‘Taddy Boy’ is the king ... for a weekend
THE little girl sitting on dad's shoulders eating shave ice was yelling.
They were all yelling, yesterday. They were everywhere, along the ropes. It was a mob scene, after 18. It was a mosh pit of love.
He was the Beatles.
Everyone calling his name.
"All this hype and everything is pretty cool," Tadd Fujikawa would tell the nine or 10 cameras that had gathered around.
You wonder who else knows what this feels like. Michelle Wie, sure. Jasmine Trias, yes. Yuval Katz, maybe.
Before that you might have to go all the way back to the Fabulous Five.
Tom Moffatt, the time he pretended to be Elvis, and drove that car through the street.

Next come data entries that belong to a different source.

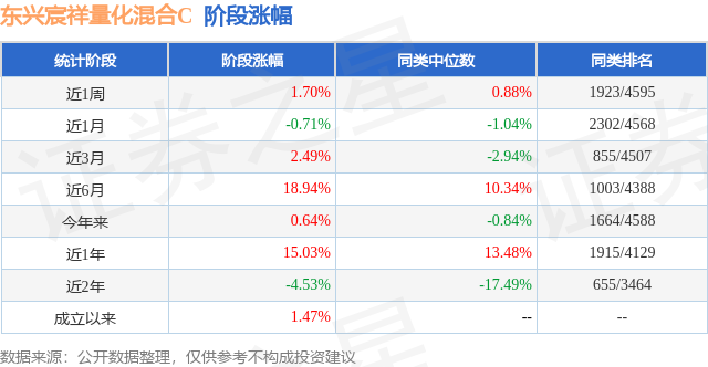 从业绩表现来看,东兴宸祥量化混合C基金过去一年净值涨幅为3.14%,在同类基金中排名2458/3979,同类基金过去一年净值涨幅中位数为5.4%。而基金过去一年的最大回撤为-25.26%,成立以来的最大回撤为-31.12%。
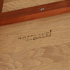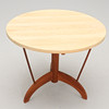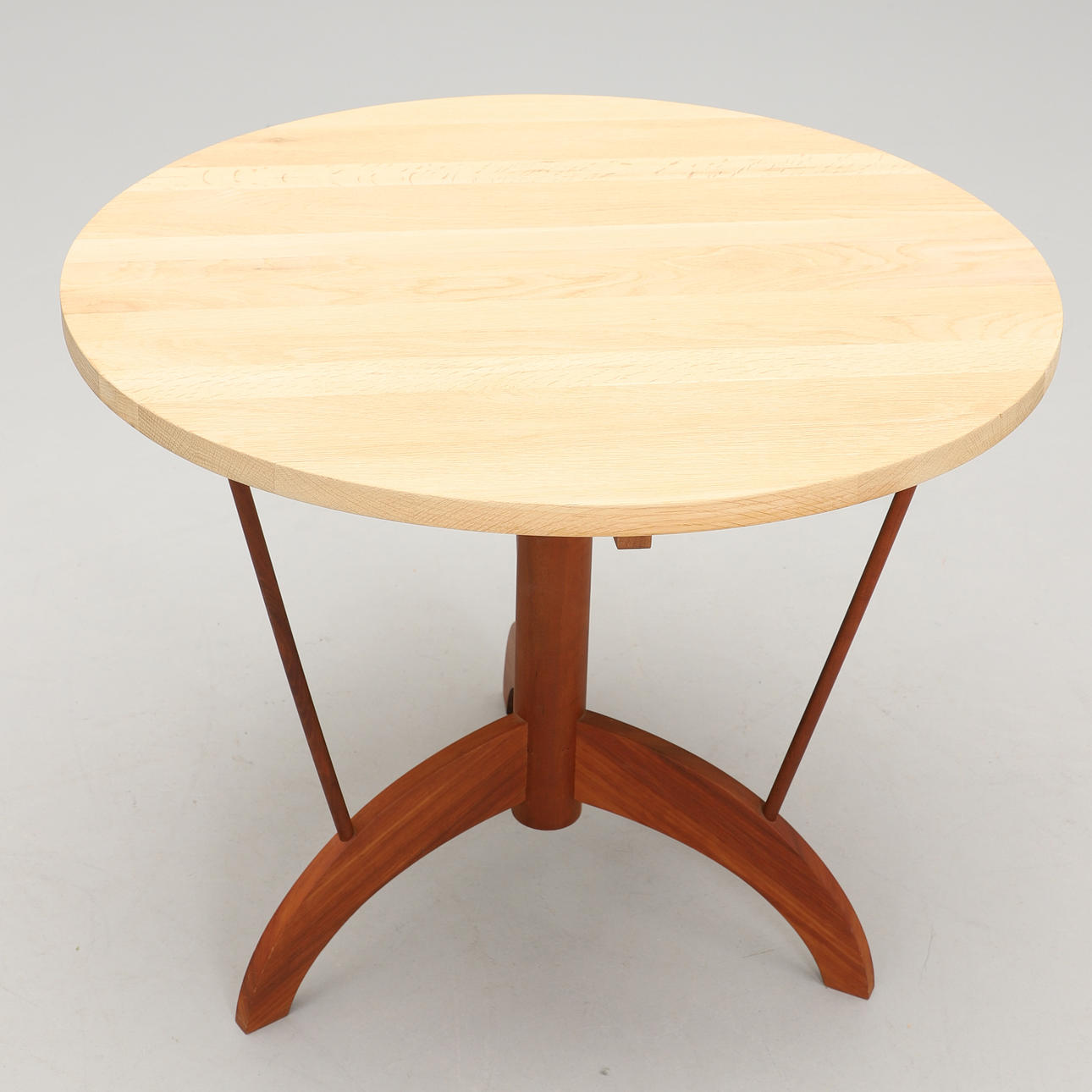 Tabletop in oak, base in cherry. Branded "Norrgavel, design Erik Richter", who now goes by the name Nirvan.
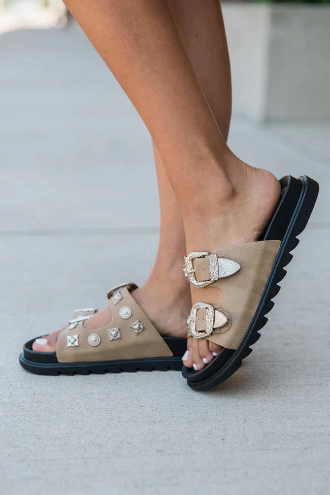 LeeAnn Taupe Double Buckle Western Sandals FINAL SALE
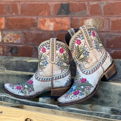 Women Trendy Characteristic Pattern Pointed Toe Slip On Mid Heel Boots
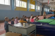 В спортивной школе методист провела детей по залам и подробно рассказала какими видами спорта занимаются в спортивной школе. Дети с большим интересом рассматривали тренажеры, медали, кубки, грамоты. Хочется отметить, что эта экскурсия настолько подняла спортивный дух детей, что они многие изъявили желания посещать спортивную школу.
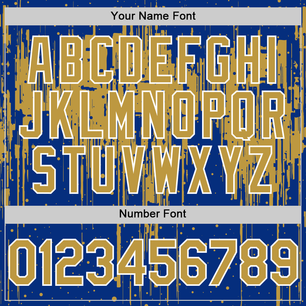 Custom Royal Old Gold-White Dripping Splatter 3D Pattern Design Bomber Full-Snap Varsity Letterman Hoodie Jacket
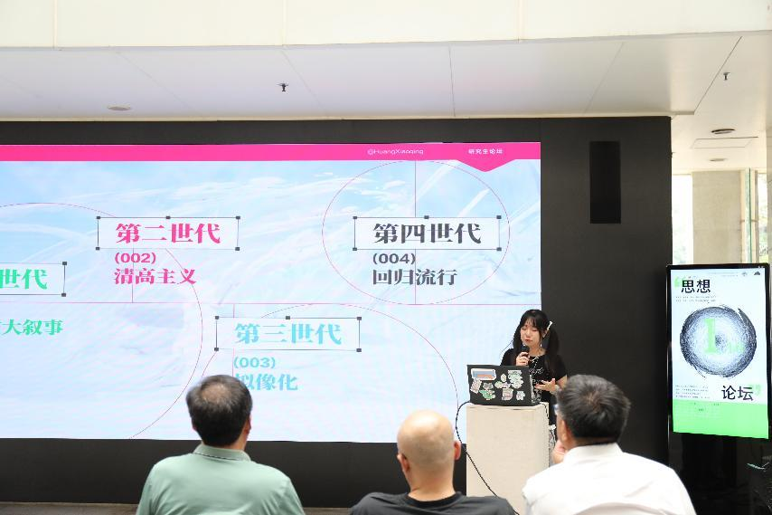 汪凌老师作为开讲嘉宾,介绍了黄晓晴的研究主题,她指出,在代际差异加剧的当下,教育需要包容新生亚文化的力量。师生、亲子间因价值观差异、审美偏差形成的认知鸿沟日益显著,经典文化传统正遭遇后现代语境解构,催生出大量源自网络碎片的亚文化现象。这些文化虽游离于主流视野之外,却已形成庞大精神世界与文化产业链。她主张教育者应以开放心态直面这些现象,将其置于特定社会背景中理解价值。她呼吁师生协力探索教育新路径,并最终点明——世界永远属于在变革中把握方向的年轻人。

But then, Moffatt only pretended to be Elvis. Yesterday, Fujikawa was the king.
They came to see him, to cheer him, to be there, to breathe his rarefied air.
"I'm not sure how many people were out there," he said, "but I'm sure this is the biggest crowd I've ever seen in my life."
"Can you see him?" someone said, and no, you couldn't. Not in the midst of that crowd.
(Remember, Kid Dynamite is just 5-foot-1.)
But he was in there somewhere, you could tell by the oohs and the ahs. You could see those shots fly. You could look at the standings (at one point he had the clubhouse lead), count the birdies (six).
You could hear the roar.
DENNIS ODA / DODA@STARBULLETIN.COM
Moanalua's Tadd Fujikawa will tee off with Jim Furyk in the final round of the Sony Open in Hawaii today.
Tadd Fujikawa, 16, youngest to make a PGA Tour cut in 50 years, shot another 66 yesterday at the Sony Open in Hawaii, 4 under again.
The gallery was ga-ga. And again, so was he.
He was the Beatles, he was Elvis.
Not everyone wants this. Most of us couldn't take this. It would be too easy to be lost in the emotion, overwhelmed at the attention.
The cameras surrounded him. "Sorry, spacing out here ... what was the question again?" he said.
It can be suffocating, this level of sudden fame.
If you're not careful it can swallow you whole.
But the only thing that swallowed Fujikawa yesterday was his father's embrace, after, when dad told "Taddy Boy," eh, come here, he was pau being famous, for a moment. Back to family time.
And then his dad put him in a headlock of love.
No worry, this kid will stay level head.
He's a spotlight seeker yet humble, if that makes any sense. Afterward, he used "lucky" almost as often as "fun."
DENNIS ODA / DODA@STARBULLETIN.COM
Tadd Fujikawa matched his magical 66 on Friday with another one yesterday to head into the final round tied for eighth.
"Absolutely not," he said. "I'm not playing for money. This isn't my job. I'm just out here having fun, just soaking up all of the moments and just -- I'm just out here doing my best. And if it works out, great."
It's working out. He sank a ridiculous birdie putt on No. 11 ("I don't know how far that putt was," he would say). Had a great draw on 12. Hit a tree branch on 18 but then got a nice ruling, a free drop.
"So I guess Hawaii was kind of behind me on that one, kind of lucky," he said.
(You know who was lucky? Me. That ball looked like it was coming right at me. Luckily for me, 30 feet up. Unluckily for him, right into a tree.)
He could have melted, right there. The kid put himself into position for birdie, then saved par.
He's tough. He's an amateur, a kid, he should be buried by this. He's already made history, he could feel free to fade away. Instead he's still smiling, another 66. Loving this. Reveling in it. He's as tough as they come.
"You know," he said, "I'm a person who likes to know what I need to do. That's just the kind of person I am where if I have a goal, I will do anything to get there. If I have something to shoot for where, you know, I'm one back or two back of the leader and I know I need to make birdies, then I'm going to do my best to do that."
He's that kind of tough.
Making the cut was one thing. It's another to come back the next day and end it tied for eighth.
His goal is to "stay in the moment," he said.
So no, the moment won't get him. The game might -- golf gets everyone, it's that kind of game; golf may catch up to him yet. But not this moment, no. He's built for this, was born for it.
Stay in that moment, kid. Breathe it in. It's rarefied air.